SUMMARY OF THE INVENTION

[0010] The present invention has been made against the background of the prior-art problems described above, and it is an object of the invention to provide a reinforcing method of a concrete structure which can improve the effect of inhibiting deterioration and durability by improvement in waterproofness, prevention of neutralization, inhibition of chlorine ion permeation, improvement in resistance to freezing and thawing, and an increase in mechanical strength.

[0011] Another object of the invention is to provide a reinforced concrete structure obtained by the method described above.

[0012] According to the present invention, there is provided a reinforcing method of a concrete structure comprising coating or impregnating a surface portion of the concrete structure with a composition containing (a) a quaternary ammonium silicate in an amount of 5 to 30 parts, in which SiO2 is contained in an amount of 10% to 45% by weight, and (b) water in an amount of 95 to 70 parts, on a solid basis, wherein (a)+(b)=100 parts by weight.

[0013] Further, the present invention provides a reinforcing method of a deteriorated concrete structure, comprising coating or impregnating a surface portion of the deteriorated concrete structure with the above-mentioned composition.

[0014] Still further, according to the present invention, there is provided a reinforced concrete structure obtained by the above-mentioned reinforcing method.

BRIEF DESCRIPTION OF THE DRAWINGS

[0015] FIG. 1 shows sectional views of concrete samples indicating results of a carbonation prevention effect test;

[0016] FIG. 2 shows sectional views of concrete samples indicating results of a chlorine ion permeation prevention test; and

[0017] FIG. 3 is a graph showing the relationship between the number of freezing and thawing cycles and the bending strength of concrete samples.

DESCRIPTION OF THE PREFERRED EMBODIMENTS

[0018] The concrete structure of the invention includes not only a concrete structure, but also other cement structures.
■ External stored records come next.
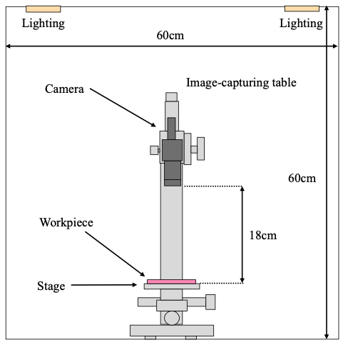 The appearance of the imaging equipment is shown in the image below. To prevent disturbance from external lighting, images were taken in an enclosed space of 60.0 cm×60.0 cm×60.0 cm with lighting placed above. And, image pairs of before/after defect occurrence were obtained using the following imaging method: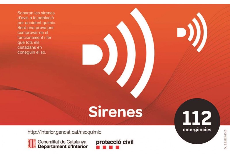 Aquest divendres, 21 d’abril al matí, tindrà lloc la primera prova de sirenes d’avís a la població per risc químic del 2017
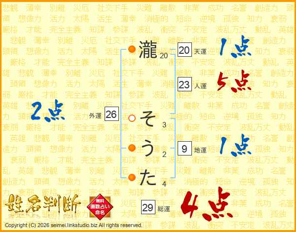 瀧そうたさんの総運は29画の4点!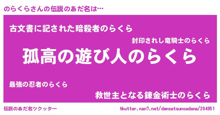 | 女子向けラノベタイトル風あだ名 | 『のらくらが死なない童話 林檎ののらくらの診療簿』 |

The other cement structures include a formed article of a cement material, a formed plate thereof or a mortar-coated article.

[0019] The quaternary ammonium silicate (a), one ingredient of the composition used in the reinforcing method of the invention, is represented by the following general formula:

(R3N)2O·nSiO2

[0020] wherein R is an alkyl group having one or more carbon atoms, and n is an integer of 1 or more.
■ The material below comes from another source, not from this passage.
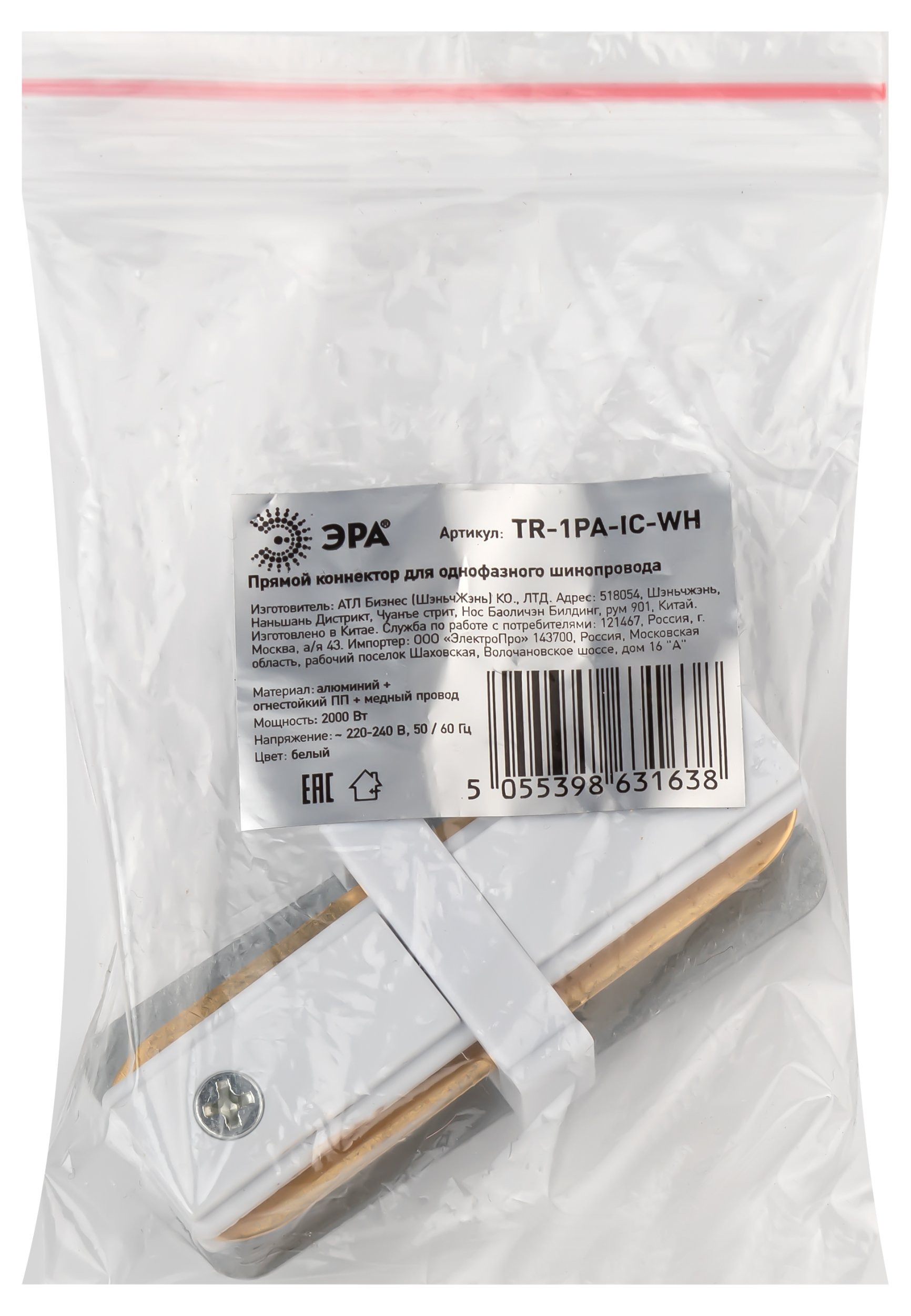 Коннектор прямой для шинопровода Эра TR-1PA-IC-WH Б0054463

[0021] Specific examples of the quaternary ammonium silicates (a) include liquid silicates such as dimethyldiethanolammonium silicate, monomethyltripropanol silicate, dimethyldipropanolammonium silicate and monoethyltripropanolammonium silicate. These quaternary ammonium silicates (a) can be easily obtained by (1) a method of bringing diluted water glass into contact with hydrogen type cation exchange resins, adding quaternary ammonium hydroxides to the resulting active silica solutions, and concentrating the solutions to a specified concentration, or (2) a method of reacting quaternary ammonium hydroxides with silica hydrosols.
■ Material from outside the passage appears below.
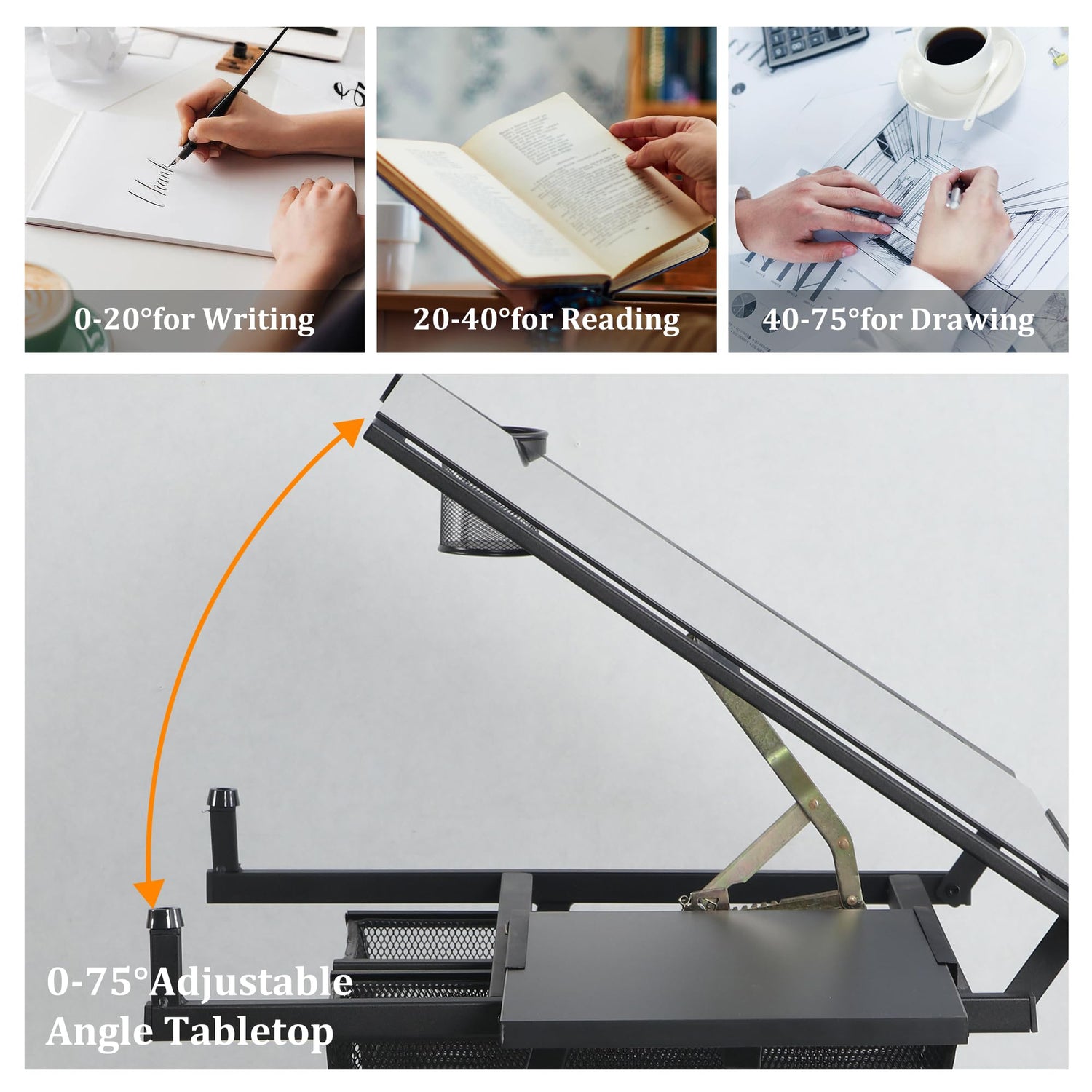- 0-75 Degrees Tilting Angle: The 38.5-inch long and 23.6-inch wide tabletop can be tilted to range from 0-75 degrees from the horizontal to meet different usage needs.

[0022] Here, the quaternary ammonium hydroxides are usually obtained by a method of adding alkylene oxides to ammonia or amines, or a method of deionizing quaternary amine salts with anion exchange resins. However, products containing tertiary, secondary or primary amines in small amounts can be used, and quaternary ammonium silicates obtained using them can also be used in the compositions of the invention.

[0023] The quaternary ammonium silicate (a) is required to contain SiO2 in an amount ranging from 10% to 45% by weight, preferably from 20% to 30% by weight. Less than 10% by weight results in too large an amount of the composition used, or an increased amount of water to delay drying, whereas exceeding 45% by weight unfavorably causes weakened adhesion or development of cracks.

[0024] In the method of the invention, the ratio of ingredient (a) is 5 to 30 parts by weight, and preferably 10 to 20 parts by weight, per 100 parts of the total of ingredients (a) and (b) on a solid basis. Less than 5 parts by weight results in too large an amount of the composition used, whereas exceeding 30 parts by weight unfavorably causes weakened adhesion or poor permeability.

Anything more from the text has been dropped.